= Hermitage of Sant Medir =

The Hermitage of Sant Medir is a Spanish church in the Serra de Collserola, in the municipality of Sant Cugat del Vallès, Vallès Occidental. It is located near the old Roman road from Ègara (Terrassa) to Barcino (Barcelona), which passed through Castrum Octavianum (Sant Cugat) before entering the Serra de Collserola through the Gausac valley (or Sant Medir valley). Every March 3, the traditional gathering of Sant Medir (aplec de Sant Medir) is held there. The building is included in the Inventory of the Architectural Heritage of Catalonia.

== Architecture ==
It is a restored Romanesque chapel that retains its original structure. The building has a rectangular floor plan, a barrel vault, and is oriented to the east. A double bell-gable rises above the facade. The door has a semicircular arch with voussoirs. Above it is a stone inscription and a bas-relief of a figure. The exterior walls are whitewashed, and there is no external apse.

== History ==
It already existed in 1046, but it is documented starting from 1120. The tradition and worship began in the 11th century. In 1024, the purchase of a vineyard and some woods located in the Sant Medir valley is recorded, as well as the establishment of an allod in 1046. Ancient documents refer to it as Sant Emeteri, but the name was Catalanized to "Medir". In the Middle Ages, it formed a parish with the Sant Adjutori and Sant Vicenç. The Monastery of Sant Cugat held civil jurisdiction over it until the 14th century, when it became part of the municipal organization of Sant Cugat. The monks took care of it until 1446.

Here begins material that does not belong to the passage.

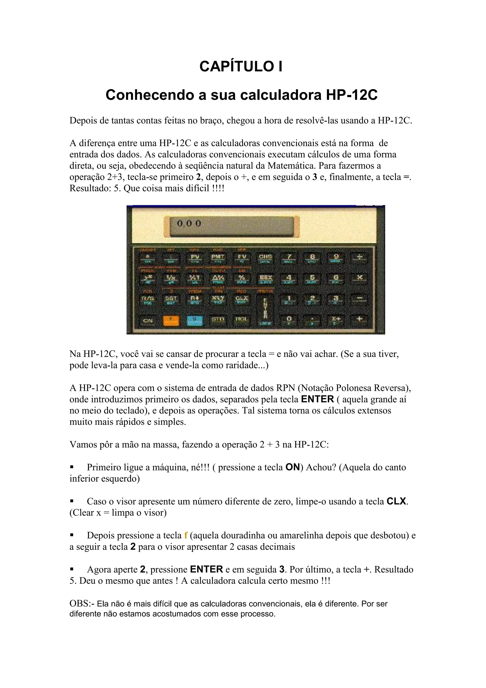 1) O documento apresenta a calculadora HP-12C e explica seu funcionamento usando a notação polonesa reversa.

The popularization of the legend of Saint Medir of Barcelona turned the hermitage into a destination for pilgrims. In 1802, the first gathering (aplec) of Sant Medir was celebrated, and starting in 1846, pilgrims from the Barcelona neighborhood of Gràcia joined in. Since then, it has been the destination of the Sant Medir festival pilgrimage every March 3. In July 1936, the hermitage was looted and burned. Inside, there are original 1948 sketches of mural paintings designed by the local artist Josep Grau-Garriga, which were never carried out. Over the course of 25 years until 2007, the Penya Regalèssia of Sant Cugat, together with technicians from the monastery's museum, carried out various restoration tasks on the building, such as repairing the roof and restoring the 17th-century pavement.